Azure Cognitive Computer Vision
Important
Transport Layer Security (TLS) 1.2 is now enforced for all HTTP requests to this service. For more information, see Azure Cognitive Services security.
The Computer Vision Image Analysis service can extract a wide variety of visual features from your images. For example, it can determine whether an image contains adult content, find specific brands or objects, or find human faces.
You can use Image Analysis through a client library SDK or by calling the REST API directly. Follow the quickstart to get started.
This documentation contains the following types of articles:
You can analyze images to provide insights about their visual features and characteristics. All of the features in the list below are provided by the Analyze Image API. Follow a quickstart to get started.

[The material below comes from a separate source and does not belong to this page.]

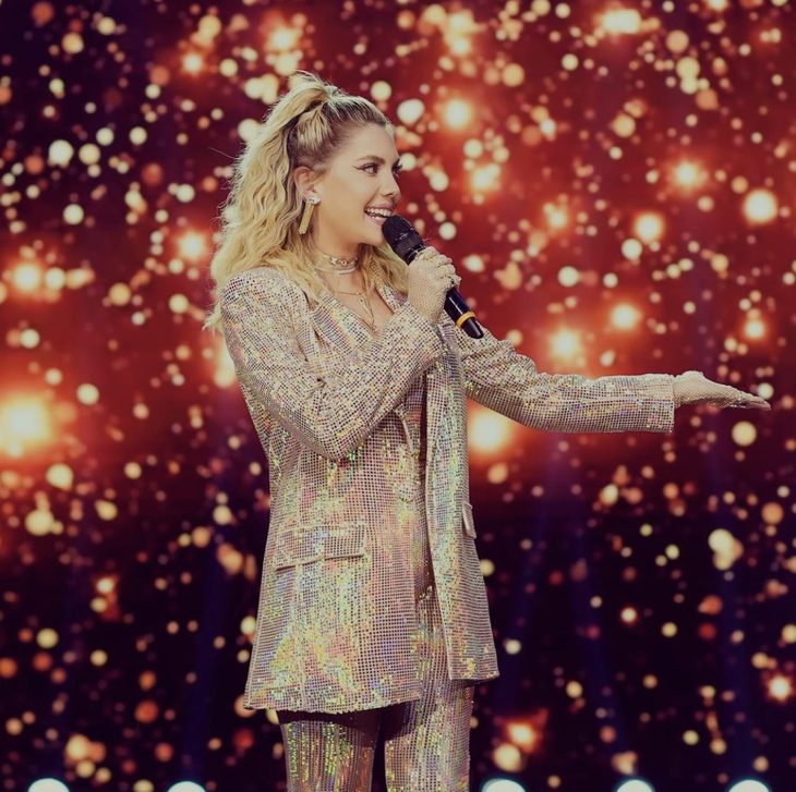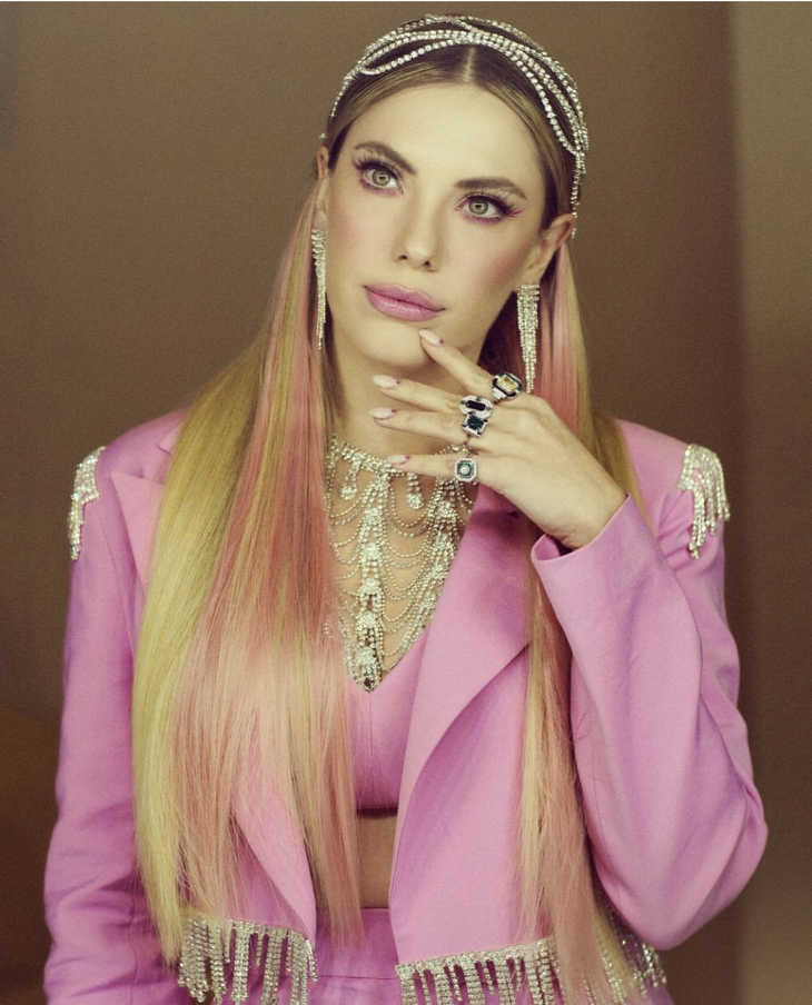 Chọn cho mình tone tím chủ đạo, Eda Ece từng khiến cộng đồng mạng Thổ Nhĩ Kỳ “rúng động” vì sự thay đổi quá táo bạo này. Từ chiếc đầm kim sa, mái tóc, màu mắt cho tới bộ nails, cô nàng đều chọn tone tím bóng nổi bật. Không chỉ thế, để nhấn nhá thêm cho ngoại hình của mình, nữ diễn viên còn mix thêm chiếc vương miện đá “siêu to khổng lồ” và những chiếc nhẫn cũng to không kém.

Identify and tag visual features in an image, from a set of thousands of recognizable objects, living things, scenery, and actions. When the tags are ambiguous or not common knowledge, the API response provides hints to clarify the context of the tag. Tagging isn’t limited to the main subject, such as a person in the foreground, but also includes the setting (indoor or outdoor), furniture, tools, plants, animals, accessories, gadgets, and so on. Tag visual features
Object detection is similar to tagging, but the API returns the bounding box coordinates for each tag applied. For example, if an image contains a dog, cat and person, the Detect operation will list those objects together with their coordinates in the image. You can use this functionality to process further relationships between the objects in an image. It also lets you know when there are multiple instances of the same tag in an image. Detect objects
Identify commercial brands in images or videos from a database of thousands of global logos. You can use this feature, for example, to discover which brands are most popular on social media or most prevalent in media product placement. Detect brands
Identify and categorize an entire image, using a category taxonomy with parent/child hereditary hierarchies. Categories can be used alone, or with our new tagging models.
Currently, English is the only supported language for tagging and categorizing images. Categorize an image
Generate a description of an entire image in human-readable language, using complete sentences. Computer Vision’s algorithms generate various descriptions based on the objects identified in the image. The descriptions are each evaluated and a confidence score generated. A list is then returned ordered from highest confidence score to lowest. Describe an image
Detect faces in an image and provide information about each detected face. Computer Vision returns the coordinates, rectangle, gender, and age for each detected face.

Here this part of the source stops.